Sep 30, 2011, 9:40 AM EDT

Money Bag

Blogging is basically about reacting to stuff, but sometimes it helps to get ahead of the narrative a bit.  Just to help you prepare, here are the potential state-of-the-game storylines we can expect to see in the coming weeks:

  • If the Yankees face the Phillies in the World Series baseball is broken because the big payroll teams are just buying championships; and
  • If some combination of the Diamondbacks, Brewers, Rays or Rangers make the World Series, the low TV ratings such matchups will create will be proof that baseball is truly dead;

I’m not sure what we do if the Cardinals or Tigers figure in somehow. Maybe something about passionate fans who live in cities outsiders like to denigrate. People eat that crap up.

Anyway, all of this is just an excuse to link Maury Brown’s post from yesterday in which he detailed the payroll situation of the eight playoff teams. Short version: the payroll ranks of the qualifiers: 1 (Yankees); 2 (Philly); 10 (Tigers); 11 (Cards); 13 (Rangers); 17 (Brewers); 25 (Dbacks); 29 (Devil Rays).

So, two rich kids, four middle-of-the-packers and two sisters of the poor.  Viva balance and parity. Just don’t expect anyone to give baseball too much credit for that because it doesn’t fit the usual narratives.

  1. Bill - Sep 30, 2011 at 9:45 AM

    “Devil Rays”… Going old-school today? I support it. Bring back the rainbow logo, I say.

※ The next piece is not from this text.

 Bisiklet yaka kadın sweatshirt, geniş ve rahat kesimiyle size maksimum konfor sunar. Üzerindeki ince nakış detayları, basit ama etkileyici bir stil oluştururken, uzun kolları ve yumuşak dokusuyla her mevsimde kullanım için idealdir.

    • skipperxc - Sep 30, 2011 at 9:58 AM

      I believe the rainbow scheme has been appropriated by the Marlins.

      • jwbiii - Sep 30, 2011 at 11:13 AM

        Have you seen this? The designer of the Marlins logo may be a Maroon 5 fan.

  2. thefrenchyconnection - Sep 30, 2011 at 9:49 AM

    Remember when the Ray were supposed to suck after they lost Crawford and that 2010 bullpen?

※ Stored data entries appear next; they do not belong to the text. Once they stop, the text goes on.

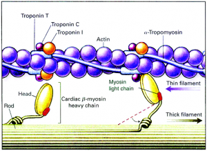 粗肌絲的基本組成單位是肌球蛋白(myosin),它長得就像一棵豆芽,由頭(Head)和桿(Rod)組成,頭桿連接處可以活動,豆芽頭高高翹起  于粗肌絲的表面形成橫橋,上有ATP酶,可以和ATP結合。細肌絲則由原肌球蛋白(Tropomyosin)、肌動蛋白(Actin)和肌鈣蛋白   (Troponin)組成,他們三個構成了一個協同運作的整體,當肌鈣蛋白與鈣離子結合后,原肌球蛋白發生構象改變,暴露出原本被它遮蔽的肌動蛋白上的位  點。肌球蛋白的豆芽頭和肌動蛋白上的位點結合使ATP酶活化,水解ATP產生能量,橫橋發生屈動,從而帶動粗細肌絲發生相對滑動。(見下圖)
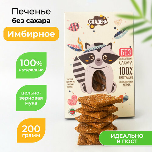 Печенье без сахара, 200г, "Имбирное", Сладень, печенье злаковое, пп печенье
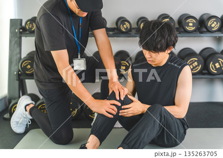 膝関節を痛がるトレーニングをする男性とスポーツ理学療法士の男性スタッフ
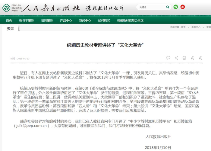 新版历史教科书"文化大革命"一课被删?官方这样回应
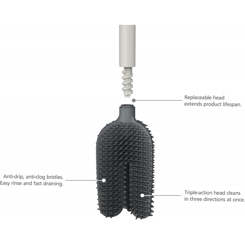 El cabezal del cepillo de triple acción limpia en tres direcciones a la vez
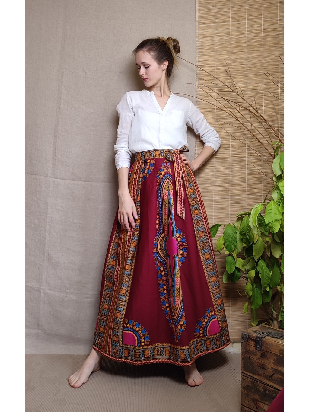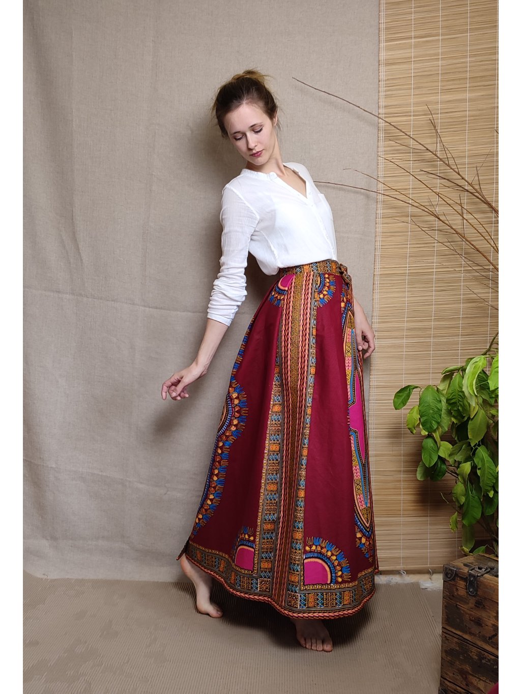 Originální, zavinovací sukně z úchvatné látky, dovezené z Afriky.

  3. yankeesfanlen - Sep 30, 2011 at 9:52 AM

    The rich kids own the bat and balls, think that will go a long way.

  4. sportsdrenched.com - Sep 30, 2011 at 9:55 AM

    The Off-Season, where we talk about the business stuff. It’s still more interesting than TPS Reports. (I do in fact have a TPS Report, but only because my boss and I decided to name said report the TPS Report so we could tell our freinds we work on TPS Reports)

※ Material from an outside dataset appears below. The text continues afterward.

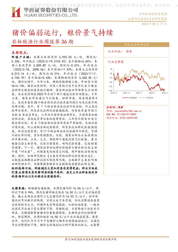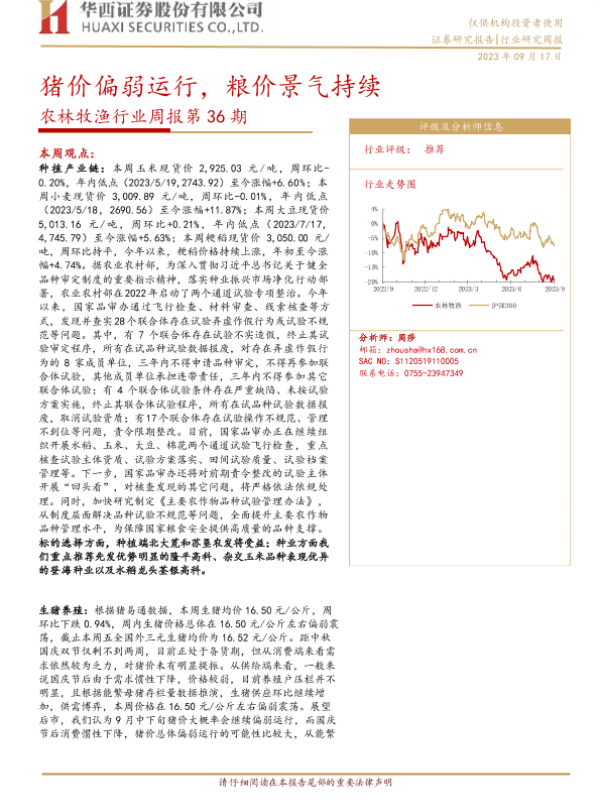 【华西证券】【20230917】农林牧渔行业周报第36期:猪价偏弱运行,粮价景气持续-25页

  5. Francisco (FC) - Sep 30, 2011 at 10:24 AM

    This may sound petty and snarky but: It’s balanced because they keep adding more playoff teams every year making the championship more and more of a crapshoot, not because of revenue sharing or any of the other mechanisms currently in place. If this were 1911 instead of 2011 we’d be talking about the Yankees-Phillies World Series right now and people would be complaining about how both teams just went out and bought a pennant.

    I’m not convinced there has been significant balance achieved in baseball yet. I mean basically the Yankees and Red Sox are favorites to make the postseason almost every year (I guess we can add the Phillies for now at least till 2013 or 2014). And the Yankees have made the post-season 14 out of 15 years I believe? (sorry too lazy to look it up).

    Bud Selig can pat himself on the back saying there have been different World Series winners pretty much every year since 2001, but that’s due to the way they set up the post-season, it handicaps the teams which have been more successful and consistent in a long season. Money can at least buy you the talent to get that MOST of the time (Red Sox collapse notwithstanding, but money can’t buy you injury regeneration machines).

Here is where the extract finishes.